In the United States, 9.5% of the adult population experiences some form of mood disorder. Of these, almost half are classified as severe. The rates in Canada are similar, although the authors stress that there is more unmet need in the US among those without health insurance. (my plug for socialized medicine).
The most common treatment for depression is pharmacological, and in the minds of some, that means a conspiracy by “Big Pharma”. Of course, in the minds of the CAM crowd everything about modern medicine is a conspiracy of some sort. If the studies don’t support their beliefs, then the studies must be wrong.
CAM seems to be the most effective in pain management, mood disorders, and other conditions where variability of symptoms is normal. Some groups, such as Scientologists, argue against the existence of a physiological basis for depression. For most of us however, a diagnosis of a mood disorder leads to a prescription for an anti-depressant.

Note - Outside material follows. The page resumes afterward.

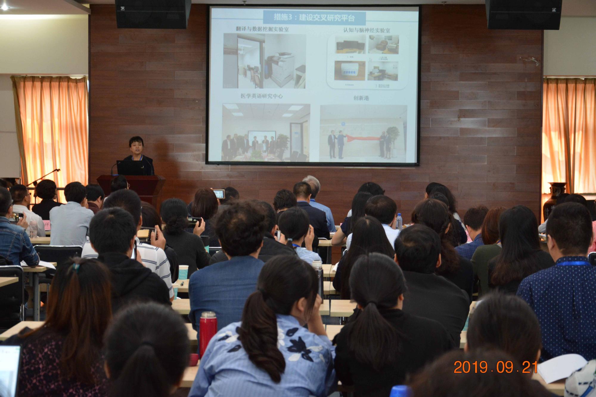 召开。医学英语领域专家学者、多位院长及系主任围绕“新时代医学英语教育与研究”主题,分享医学英语课程设置、师资队伍建设、人才培养、学术研究等方面的智慧与成果。本次论坛共有全国近70所医学院校130位院系领导和一线教师参会。

Harriet Hall, in a recent post at Science Based Medicine discusses the efficacy of anti-depressants in the presence of conflicting studies. She compares the interpretation of results found in different studies by Erik Turner and Irving Kirsch. Kirsch views anti-depressants as being not effective, while Turner sees them as definitely better than treatment with a placebo.
In Turner’s analysis,
none of the confidence intervals overlapped zero. This means that, while there is some probability that the true effect size is zero, meaning that antidepressants and placebo are equal in efficacy, that probability is negligibly small.
The question becomes, if anti-depressants are not used, what is the appropriate treatment for mood disorders.

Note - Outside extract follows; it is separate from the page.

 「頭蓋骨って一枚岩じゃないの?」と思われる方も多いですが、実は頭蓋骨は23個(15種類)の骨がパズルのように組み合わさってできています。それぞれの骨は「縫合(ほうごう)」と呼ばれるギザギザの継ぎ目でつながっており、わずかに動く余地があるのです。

Psychotherapy avoids the side effects of drugs, but it has its own drawbacks: it is expensive, time-consuming, and variable in quality. How effective is psychotherapy? Psychotherapy trials also suffer from publication bias, just like antidepressant drugs. And when one weeds out low quality studies, psychotherapy has an effect size of only 0.22, lower than the value for antidepressants reported by Kirsch himself, So if we reject any treatment below the (arbitrary) 0.5 cutoff, when a mental health care provider is faced with a patient in need of help, is he or she to do nothing at all?
Major depression is a debilitating disease. In Canada, the suicide rate is 15 per 100,000 people, with specific groups being much higher. Non-treatment is not an option.
In Canada, suicide accounts for 24 percent of all deaths among 15-24 year olds and 16 percent among 16-44 year olds. Suicide is the second leading cause of death for Canadians between the ages of 10 and 24.8 Seventy-three percent of hospital admissions for attempted suicide are for people between the ages of 15 and 44.
Dr. Hall goes on to state that a recent study showed that antidepressants reduced the risk of suicide by 20% in the long term.
She concludes her article with a reminder of the challenge of practising medicine based upon science and the difficulty that media has in reporting complex research.
Once more, science fails to give us the black-and-white answers we crave. And once again we are reminded that we can’t rely on the media for accurate, nuanced information about medical science.
In the end, we are faced with the fact that anti-depressants do not work for everyone, but currently they are the best tools we have for fighting major depression. The argument is not whether or not to use anti-depressants, but how to make the use more effective.